ABOUT THIS EXERCISE: Transcribe only part of the material below: the lines from the one containing "Apportez une touche" through the one containing "- 所以说 75.3 就算是最高的了,而且这个", inclusive, exactly as written.

DATA:
....................

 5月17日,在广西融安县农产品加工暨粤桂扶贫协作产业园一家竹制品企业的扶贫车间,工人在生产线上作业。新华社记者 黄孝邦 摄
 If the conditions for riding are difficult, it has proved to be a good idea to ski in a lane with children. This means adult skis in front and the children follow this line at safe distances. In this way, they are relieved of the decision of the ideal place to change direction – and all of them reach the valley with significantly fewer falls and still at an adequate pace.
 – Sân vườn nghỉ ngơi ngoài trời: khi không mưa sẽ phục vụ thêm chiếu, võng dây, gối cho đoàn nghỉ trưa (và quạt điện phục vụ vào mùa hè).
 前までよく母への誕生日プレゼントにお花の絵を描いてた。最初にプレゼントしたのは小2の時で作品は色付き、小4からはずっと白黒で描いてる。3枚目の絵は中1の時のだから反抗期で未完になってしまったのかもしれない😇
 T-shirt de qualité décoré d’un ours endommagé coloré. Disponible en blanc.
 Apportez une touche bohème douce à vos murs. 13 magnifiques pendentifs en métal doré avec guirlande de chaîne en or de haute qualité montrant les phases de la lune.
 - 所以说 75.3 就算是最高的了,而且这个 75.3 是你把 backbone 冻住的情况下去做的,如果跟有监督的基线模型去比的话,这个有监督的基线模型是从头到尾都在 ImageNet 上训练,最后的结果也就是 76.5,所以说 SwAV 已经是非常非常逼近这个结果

....................

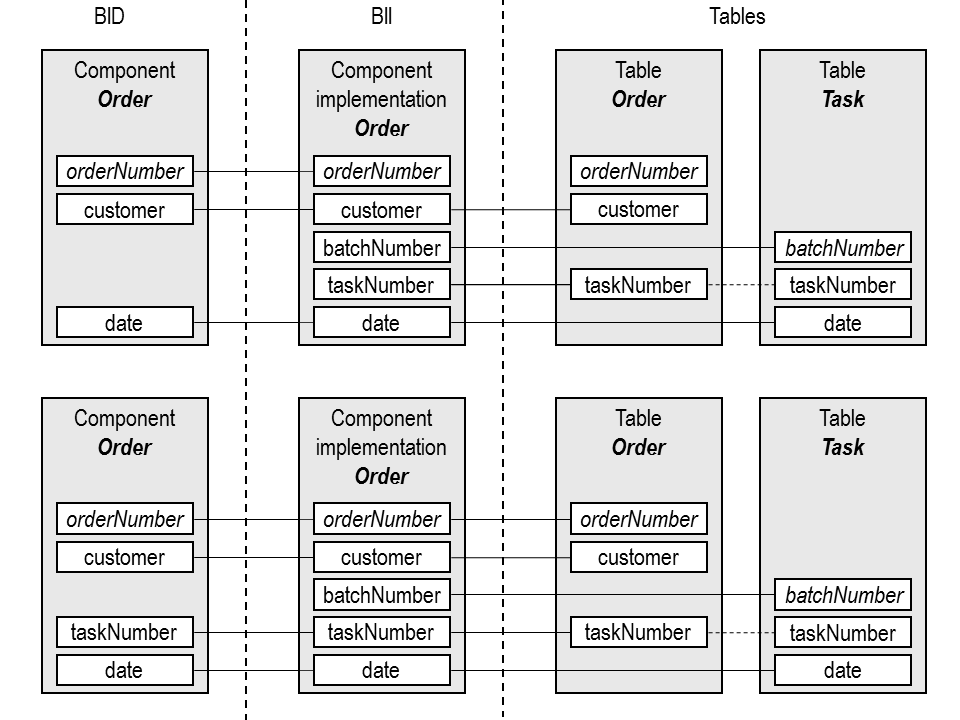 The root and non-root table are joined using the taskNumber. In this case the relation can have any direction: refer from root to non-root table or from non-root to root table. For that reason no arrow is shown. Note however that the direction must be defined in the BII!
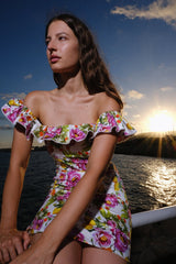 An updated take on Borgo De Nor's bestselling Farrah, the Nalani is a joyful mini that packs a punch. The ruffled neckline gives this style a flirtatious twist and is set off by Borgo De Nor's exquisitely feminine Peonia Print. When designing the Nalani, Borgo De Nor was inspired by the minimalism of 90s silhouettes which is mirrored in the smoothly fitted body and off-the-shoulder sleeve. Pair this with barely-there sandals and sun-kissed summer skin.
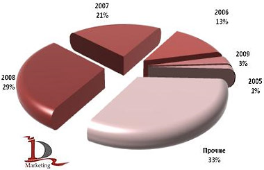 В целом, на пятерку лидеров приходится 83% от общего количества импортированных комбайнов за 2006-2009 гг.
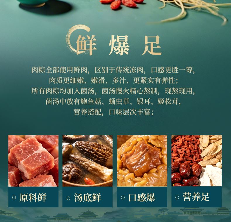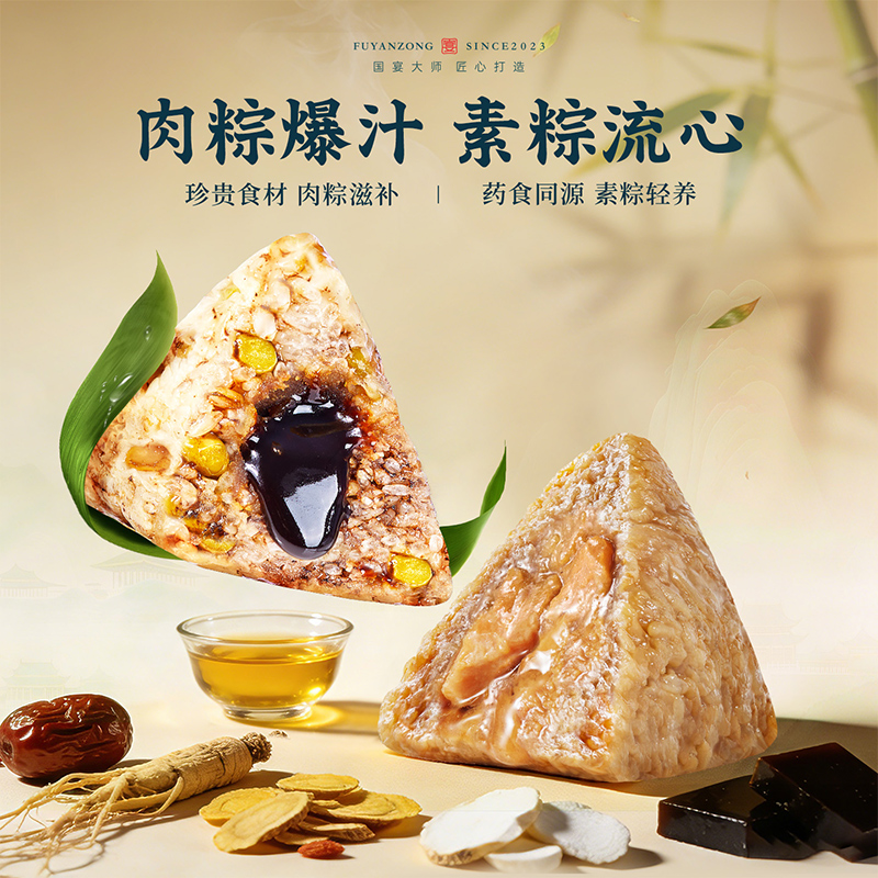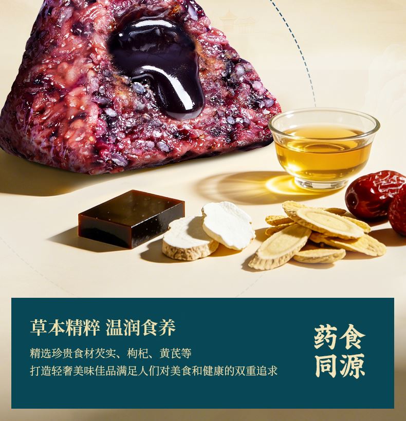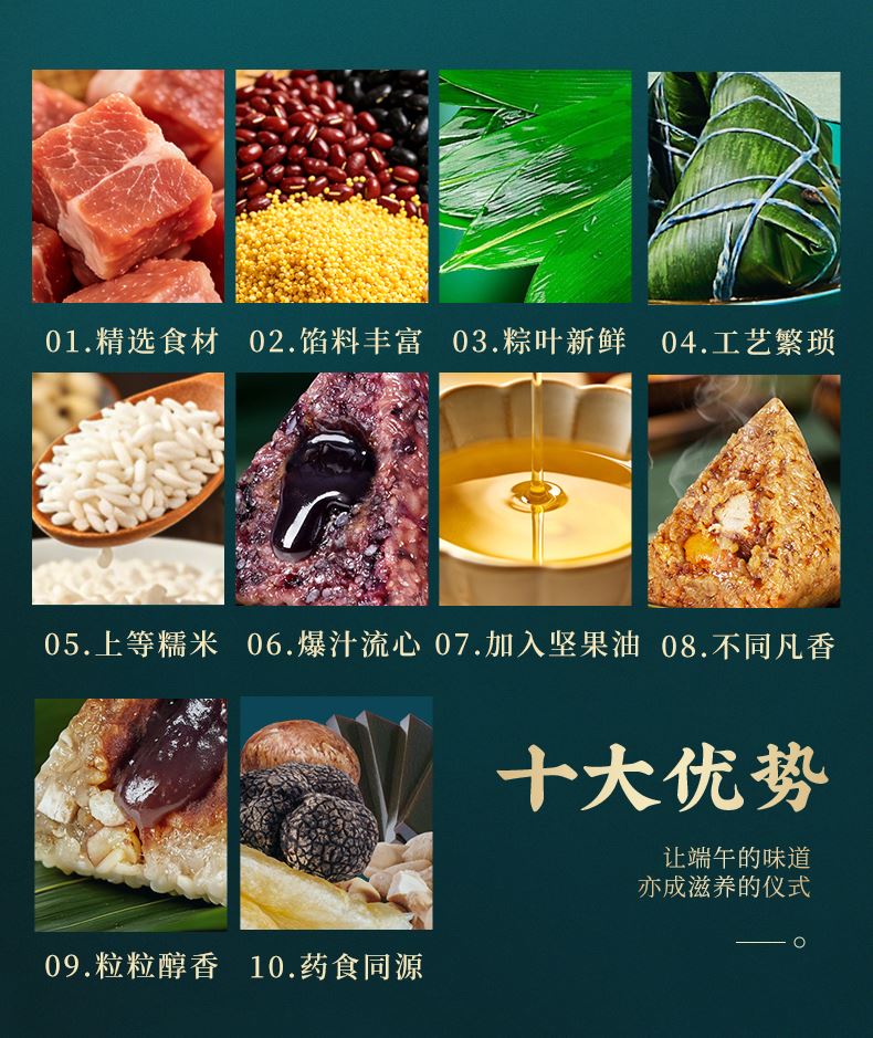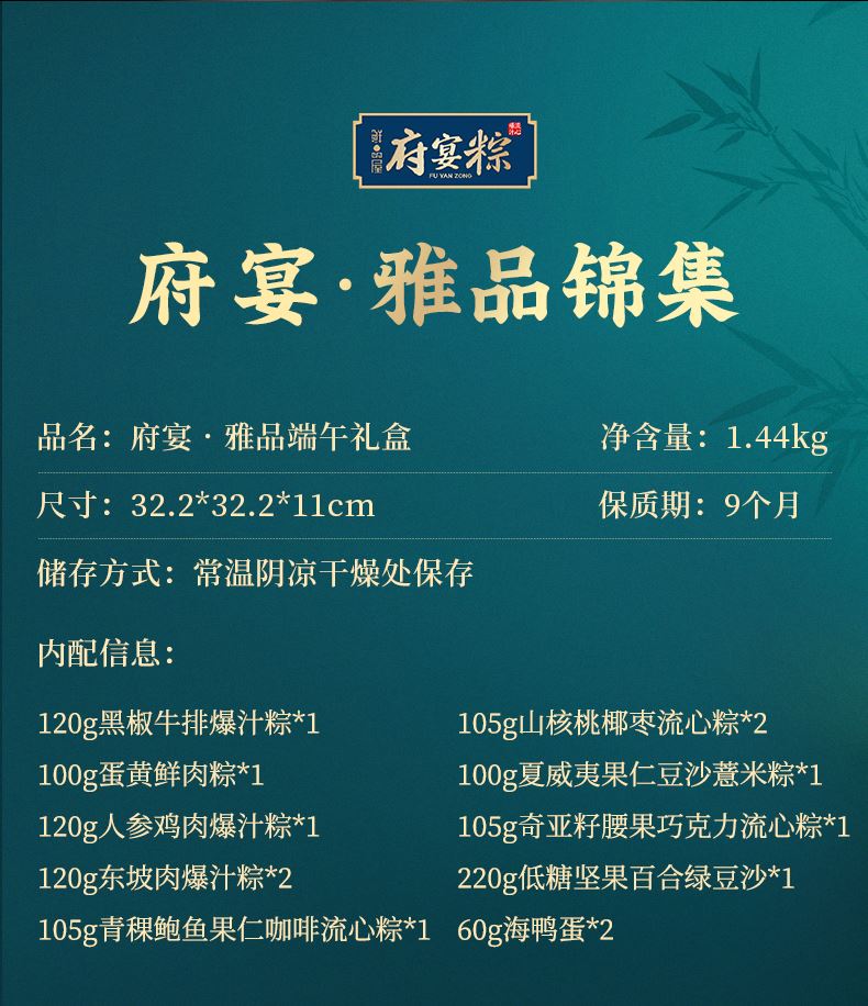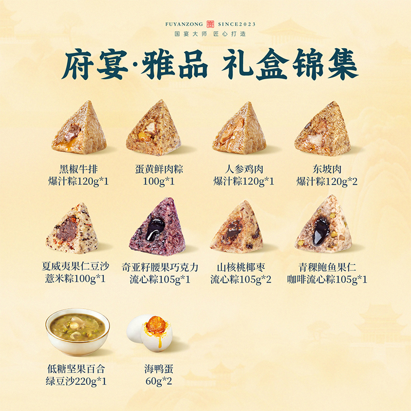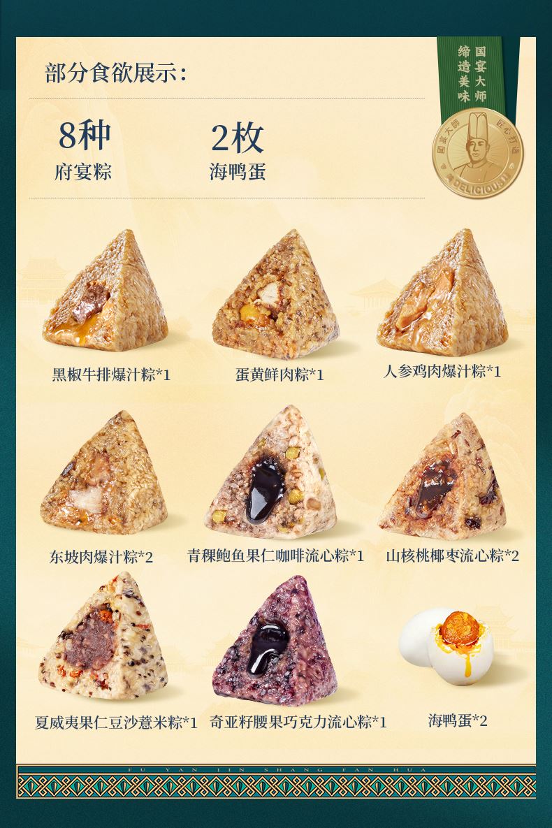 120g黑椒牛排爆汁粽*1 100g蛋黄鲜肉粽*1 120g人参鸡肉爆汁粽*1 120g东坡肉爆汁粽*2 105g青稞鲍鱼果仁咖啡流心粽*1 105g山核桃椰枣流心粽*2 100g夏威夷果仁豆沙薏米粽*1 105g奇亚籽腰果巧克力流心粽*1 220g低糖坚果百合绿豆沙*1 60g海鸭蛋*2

....................

ANSWER AREA:
 Apportez une touche bohème douce à vos murs. 13 magnifiques pendentifs en métal doré avec guirlande de chaîne en or de haute qualité montrant les phases de la lune.
 - 所以说 75.3 就算是最高的了,而且这个 75.3 是你把 backbone 冻住的情况下去做的,如果跟有监督的基线模型去比的话,这个有监督的基线模型是从头到尾都在 ImageNet 上训练,最后的结果也就是 76.5,所以说 SwAV 已经是非常非常逼近这个结果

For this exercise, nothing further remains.